Social media is blowing everything out of proportion
It can be argued that this outbreak is really the first social media epidemic scare. Social media lends itself to hysteria, hyperbole, lack of forethought, knee-jerk instinctive reactions, and outlets clamoring over one another trying to outdo competitors with how sensationalist they can make their headlines in order to capture the most clicks. Quick example: Last week’s article drew a comment calling me “totally wrong” (maybe I am, we’ll see) and referring me to the Twitter feed of one Dr. Eric Feigl-Ding, a Chinese epidemiologist enjoying a huge bump in his social media popularity of late.
The first pinned tweet I saw yesterday on his feed was how a series of his previous posts were deleted because they cited an alarming article about the virus that was not yet peer-reviewed. Today’s pinned tweet is of yet another retraction of yet another hasty statement made by a virologist who had earlier claimed that the virus can be transmitted before symptoms arise. Now it’s uncertain and she has apologized. Panic yields clicks yields more panic yields more clicks. Take the social media discount into consideration when reading scary posts.

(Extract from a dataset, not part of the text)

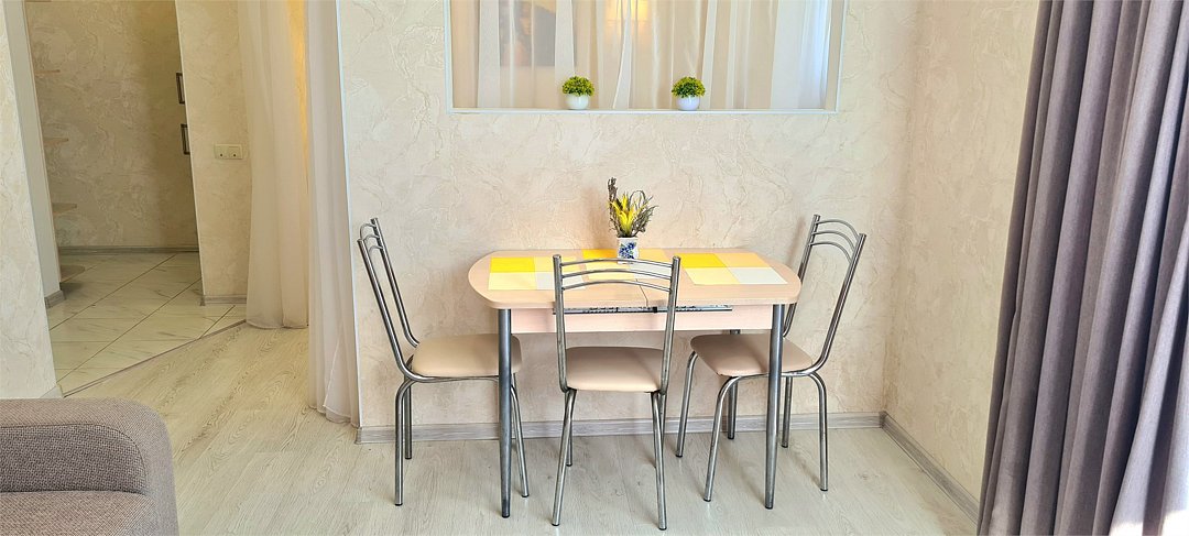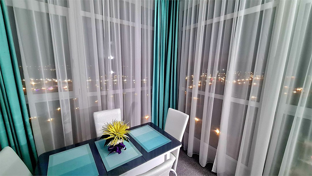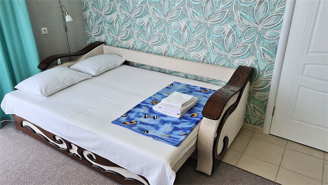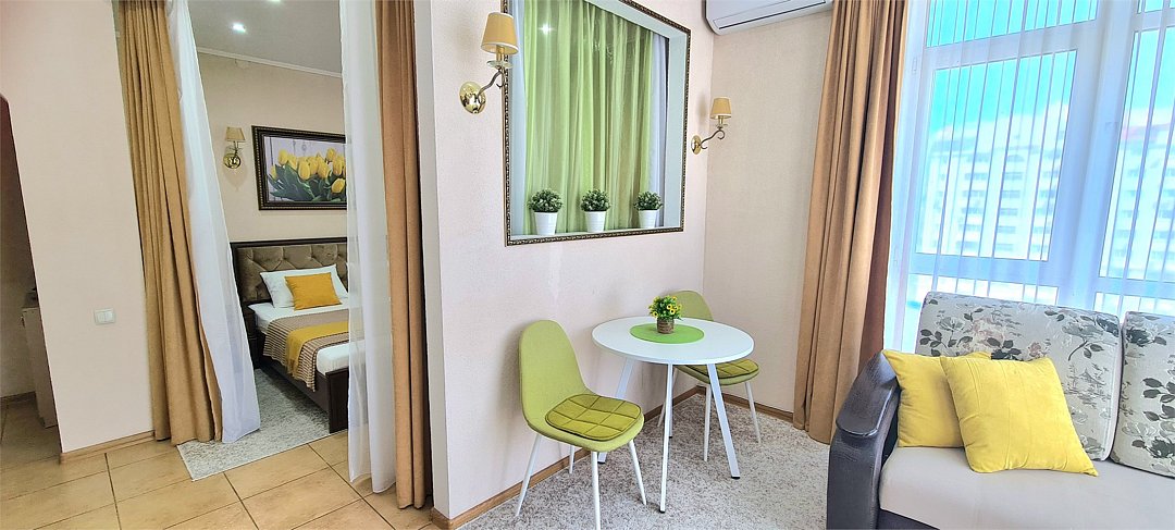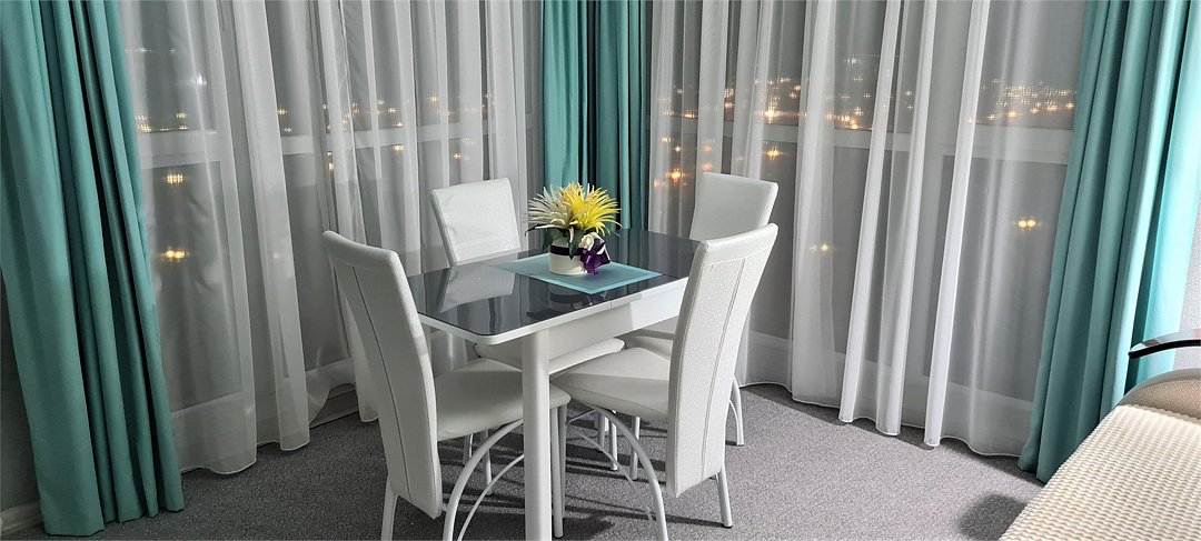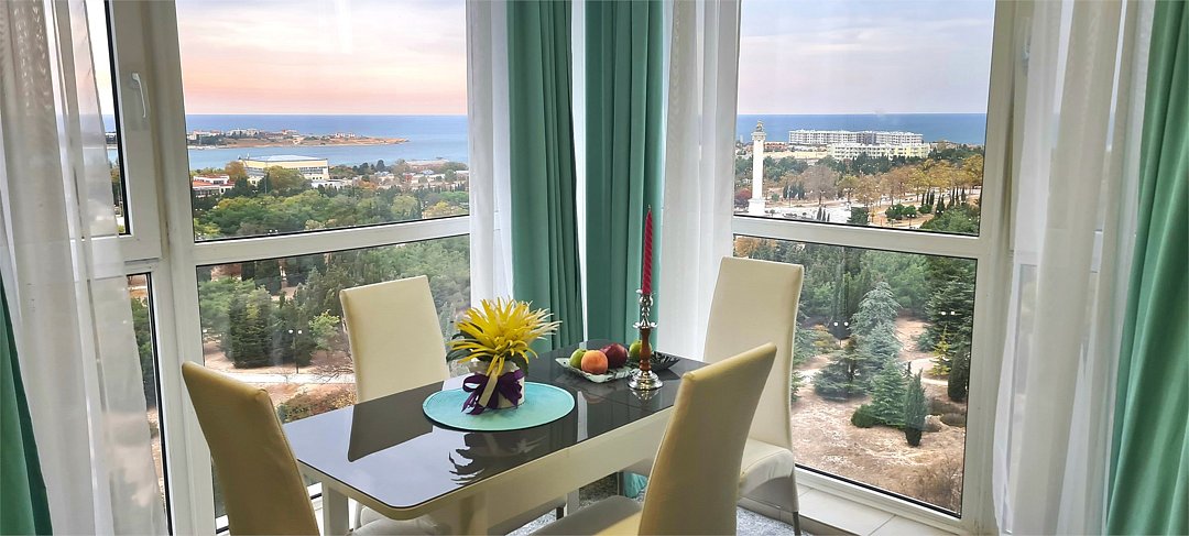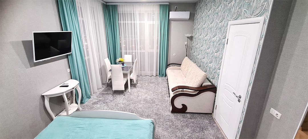 Номер "Бирюзовые лилии" расположен на 9 -м этаже с панорамными окнами и с потрясающим видом на море и Парк Победы. Общая площадь номера 32 кв. м. Максимальная вместимость номера до 4-х человек. Основное сп. место кровать 160*200 с ортопедическим матрасом. и доп. сп. место диван-кровать 160*200. ОСНАЩЕНИЕ КУХНИ : кухня с мойкой, холодильник, микроволновка, посуда , тостер, эл. чайник , заварной чайник, чашки, тарелки, разделочная доска, столовые приборы, бокалы, рюмки , стаканы, фужеры ,штопор, моющие средства, салфетки, бумажное полотенце , сахар, чай. В КОМНАТЕ для удобства : кондиционер, кровать с прикроватными тумбочками раскладной диван, жк телевизором + цифровое тв, стойка для одежды , обеденный стол и стулья, торшер и туалетный столик, WI-FI ВАННАЯ КОМНАТА : душевая кабина с тропическим душем , водонагреватель на 80 л, полотенца для лица , для бани и для ног. шампунь, жидкое мыло, стиральный порошок ( стиральная машинка дополнительная услуга) фен, ватные диски, туалетная бумага + запасной рулон ,освежитель воздуха, сушилка для вещей. В прихожей большой шкаф с вешалками и полками для одежды , гладильная доска и утюг. В шкафу пледы, одеяла, подушки, одноразовые тапочки Всегда поддерживается ремонт, чистота и уют, как дома.Услуги и удобства

TRANSMISSION UPDATE – experts are admitting they made a mistake that a woman transmitted the #coronavirus without symptoms. Turns out she indeed had symptoms. The virologist was apologetic. A lot of stressful pressure. We all makes mistakes. Let’s forgive. https://t.co/rAguPWHuqR
— Eric Feigl-Ding (@DrEricDing) February 4, 2020
Detailed trading strategy
Again, I am still not a Macau bull fundamentally speaking, but there is a good trading opportunity here. Seasonal monetary growth typically peaks around May, and we can expect the same this year on steroids with the Federal Reserve on permanent repo-printing overdrive. China’s monetary policy typically follows the Fed, though amplified. The People’s Bank of China has already announced measures that will add $174B in extra liquidity to cushion the blow. This is all the more money that will be plowed back in whenever the panic is over.
I advise taking a 5% position in Macau through Wynn, Melco, Galaxy, or Las Vegas Sands, divided into two portions. 3% should be the core Macau position for the trade, to hold until mid-to-late May. 2% can be used for day trading over the next 2-3 weeks. Macau is likely to have volatile swings up and down with the headlines. Buy the dips and sell the rallies with that 2%.
Putting this together, the full trade would mean buy 5% in, say, Wynn. On a strong up day which we can define arbitrarily as 2% gains or more in the stock, sell 2%. You are left with 3% core to hold until mid-to-late May. On the next strong down day, buy back 2%, and you are back up to full 5% positions. Another strong up day 2% or more above your previous reentry, sell 2% again, and so on through February. Once volatility settles down and scary headlines subside, you’ll be left with a 3% position to ride until May. If you can’t manage the day trading, just take a 3% position and hold until May. That’s the safer way to do this anyway.
If I’m wrong and the Wuhan coronavirus sweeps the globe and totally chokes the global economy for months, well, then you’ll lose about 2.5% in a worst case scenario if Macau stocks are suddenly halved. The chances of that happening, in my opinion, are very remote.